Data: Begin
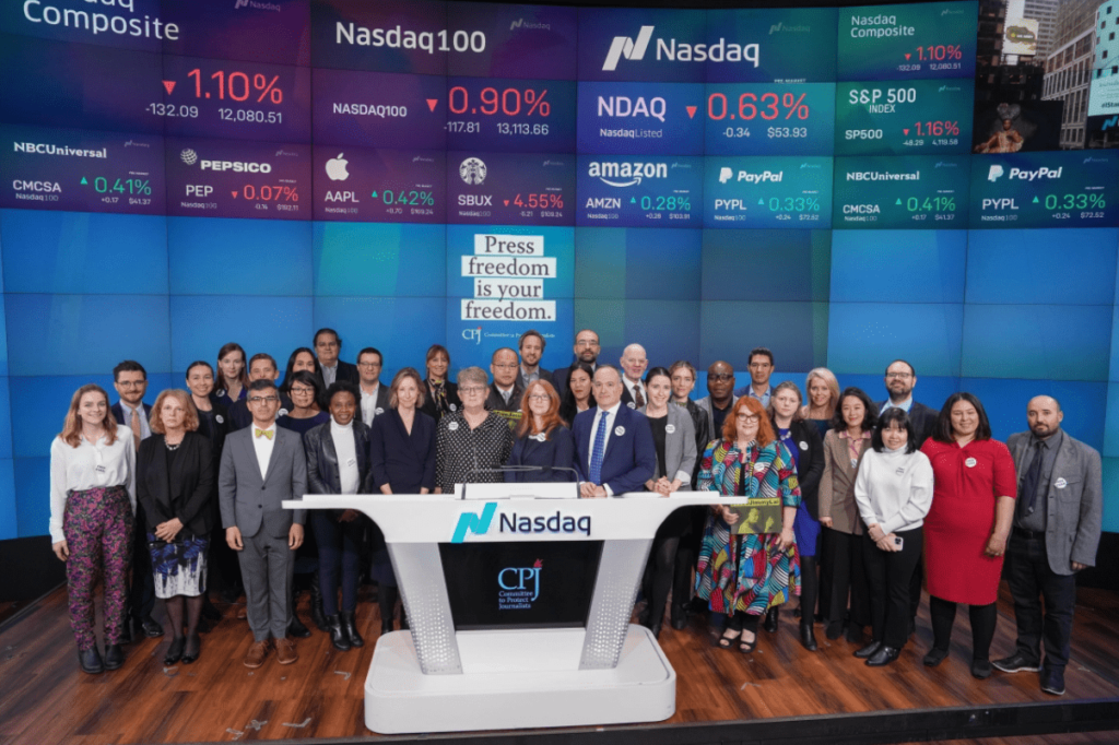 The Committee to Protect Journalists was joined on by prominent journalists and press freedom advocates to ring the opening bell at the Nasdaq MarketSite in Times Square, recognizing 30 years of World Press Freedom Day. The bell ringing ceremony was hosted by Brian Buckley, senior vice president and chief marketing officer at Nasdaq, and included a speech by CPJ President Jodie Ginsberg.
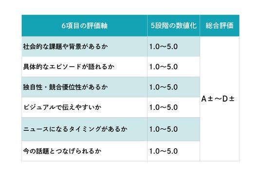 社会的課題性、独自性、ストーリー性、時事性など、6つの評価軸を基準に5段階で数値化。総合評価をA~D(+/−あり)で判定します。チーム内で共有しやすい評価レポートを提供します。
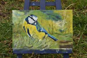 Kunst auf Zigarrenkistenbrettchen. Blaumeise
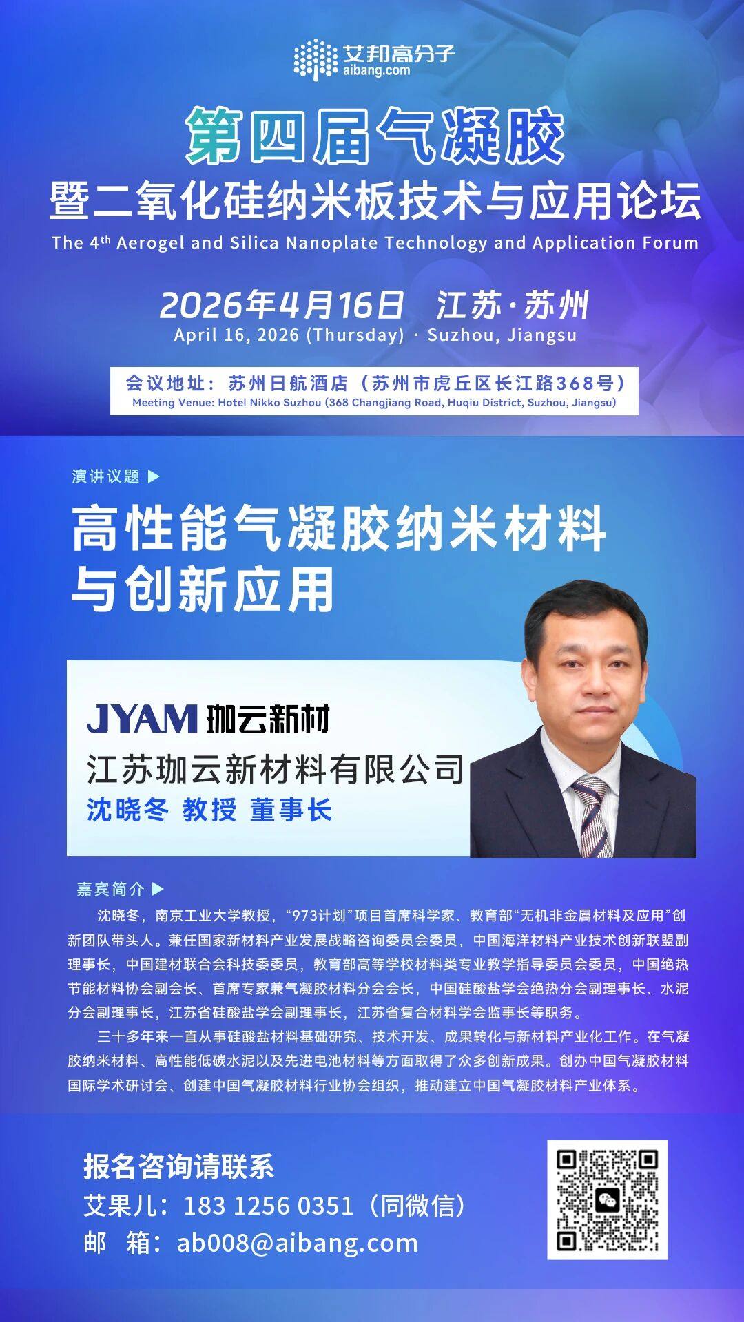 📢4月16日,江苏珈云新材料有限公司 董事长 沈晓冬教授 ,将莅临艾邦高分子第四届气凝胶暨二氧化硅纳米板技术与应用论坛📍苏州,并将带来《高性能气凝胶纳米材料与创新应用的主题演讲!敬请期待!
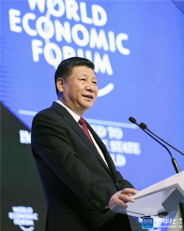 2017年1月17日,習近平在瑞士達沃斯國際會議中心出席世界經濟論壇2017年年會開幕式,并發表題為《共擔時代責任 共促全球發展》的主旨演講。新華社記者 蘭紅光 攝
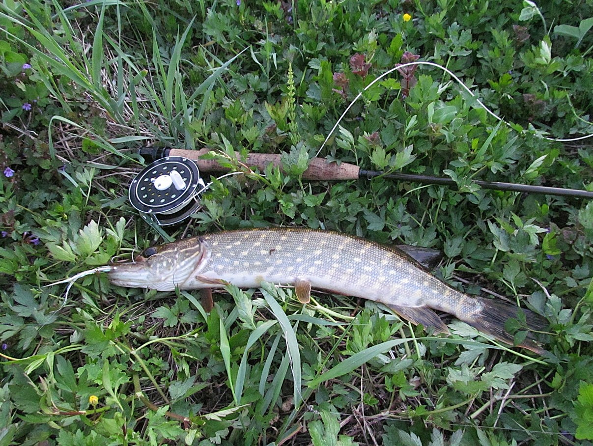 kuvan hauki pelästytti tärpillään: repäsy ja heti ilmaan. tuntui että kauan sai odottaa ennenkuin tipahti takas veteen..
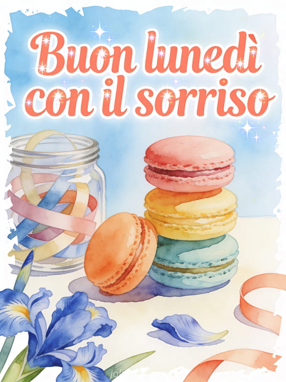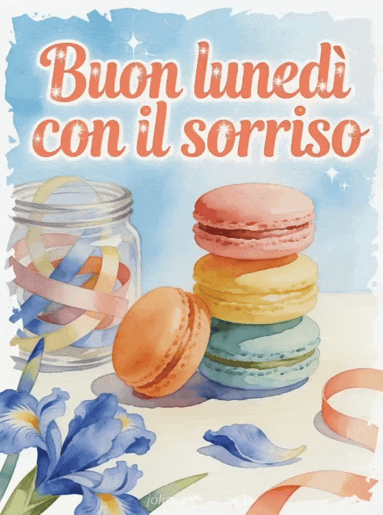 Invia un saluto vivace del lunedì con scritte corallo, macaron colorati, nastri arricciati, fiori di iris blu e scintille allegre. Scopri anche buongiorno del lunedì gif, buona settimana e buon lunedì gif o lunedì buongiorno gif.
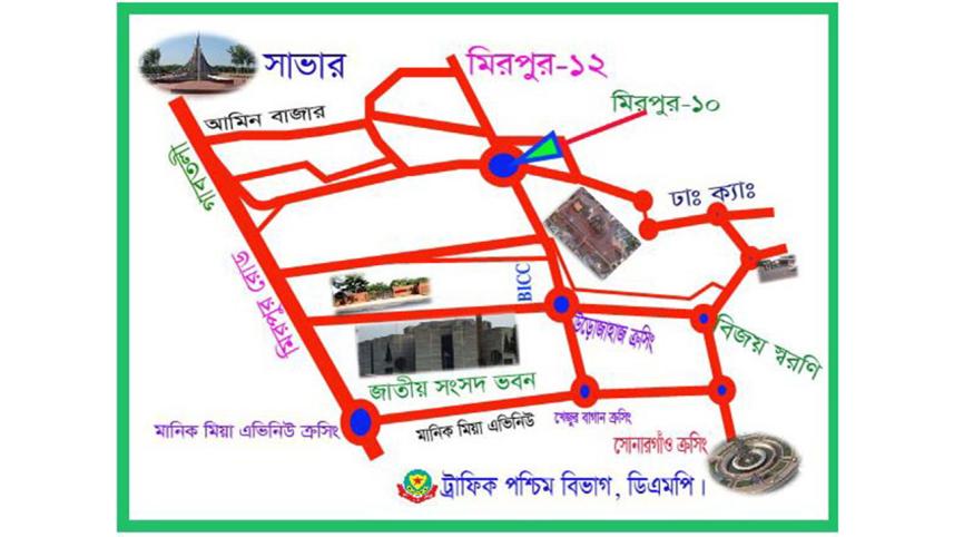 According to the DMP guideline, people are asked to use Dhaka Airport-Abdullahpur Crossing-Ashulia route instead of Gabtoli- Amin Bazar bridge- Nabinagar to travel to Savar from 3:30am to 9:30am on December 16.
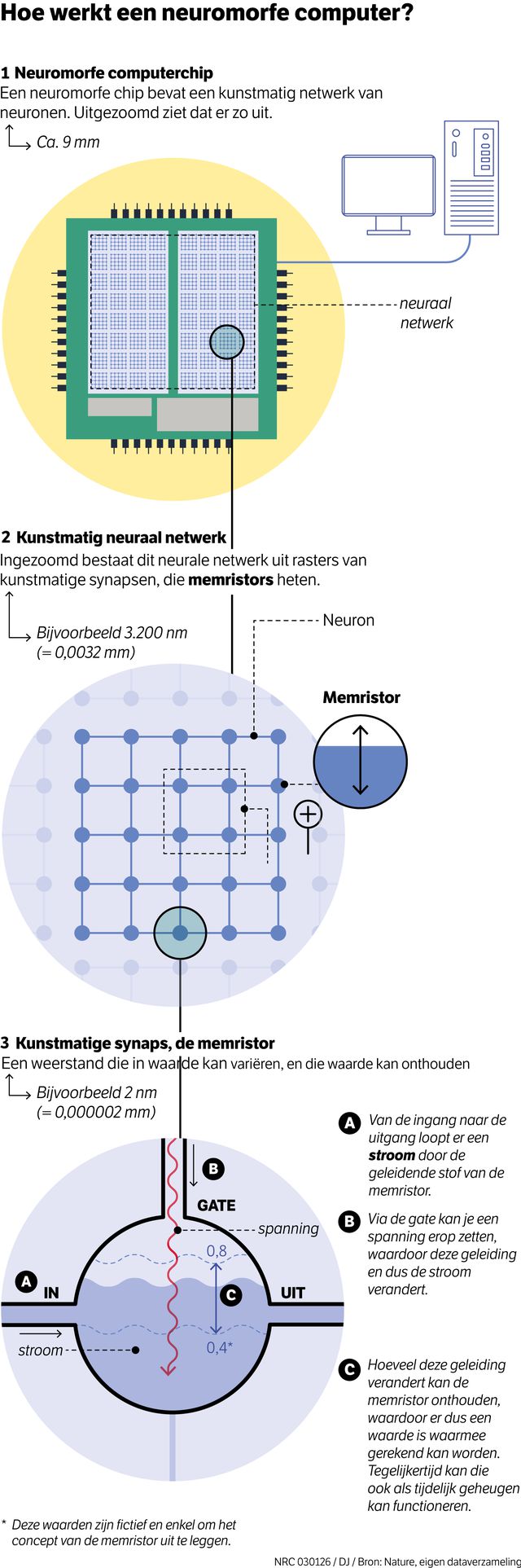 Zo’n neuromorfe chip bestaat uit een raster van horizontale en verticale lijnen, die op de kruispunten verbonden zijn met memristors. Het woord is een combinatie van memory (geheugen) en resistor (elektrische weerstand). Dit is een elektrische weerstand die in waarde kan variëren, en die de waarde ook langere tijd kan onthouden, als een lokaal geheugen. Het geheel kan een matrixvermenigvuldiging razendsnel uitrekenen zonder dat er processoren of transistoren aan te pas komen, en daarmee ook een berekeningsstap in een neuraal netwerk. De Groningse spin-off IMChip werkt aan de ontwikkeling van een neuromorfe computerchip.
Data: End
What needs to be done:
The entries above need to be transcribed word for word, and the pictures stay out.

Response box:
 The Committee to Protect Journalists was joined on by prominent journalists and press freedom advocates to ring the opening bell at the Nasdaq MarketSite in Times Square, recognizing 30 years of World Press Freedom Day. The bell ringing ceremony was hosted by Brian Buckley, senior vice president and chief marketing officer at Nasdaq, and included a speech by CPJ President Jodie Ginsberg.
 社会的課題性、独自性、ストーリー性、時事性など、6つの評価軸を基準に5段階で数値化。総合評価をA~D(+/−あり)で判定します。チーム内で共有しやすい評価レポートを提供します。
 Kunst auf Zigarrenkistenbrettchen. Blaumeise
 📢4月16日,江苏珈云新材料有限公司 董事长 沈晓冬教授 ,将莅临艾邦高分子第四届气凝胶暨二氧化硅纳米板技术与应用论坛📍苏州,并将带来《高性能气凝胶纳米材料与创新应用的主题演讲!敬请期待!
 2017年1月17日,習近平在瑞士達沃斯國際會議中心出席世界經濟論壇2017年年會開幕式,并發表題為《共擔時代責任 共促全球發展》的主旨演講。新華社記者 蘭紅光 攝
 kuvan hauki pelästytti tärpillään: repäsy ja heti ilmaan. tuntui että kauan sai odottaa ennenkuin tipahti takas veteen..
 Invia un saluto vivace del lunedì con scritte corallo, macaron colorati, nastri arricciati, fiori di iris blu e scintille allegre. Scopri anche buongiorno del lunedì gif, buona settimana e buon lunedì gif o lunedì buongiorno gif.
 According to the DMP guideline, people are asked to use Dhaka Airport-Abdullahpur Crossing-Ashulia route instead of Gabtoli- Amin Bazar bridge- Nabinagar to travel to Savar from 3:30am to 9:30am on December 16.
 Zo’n neuromorfe chip bestaat uit een raster van horizontale en verticale lijnen, die op de kruispunten verbonden zijn met memristors. Het woord is een combinatie van memory (geheugen) en resistor (elektrische weerstand). Dit is een elektrische weerstand die in waarde kan variëren, en die de waarde ook langere tijd kan onthouden, als een lokaal geheugen. Het geheel kan een matrixvermenigvuldiging razendsnel uitrekenen zonder dat er processoren of transistoren aan te pas komen, en daarmee ook een berekeningsstap in een neuraal netwerk. De Groningse spin-off IMChip werkt aan de ontwikkeling van een neuromorfe computerchip.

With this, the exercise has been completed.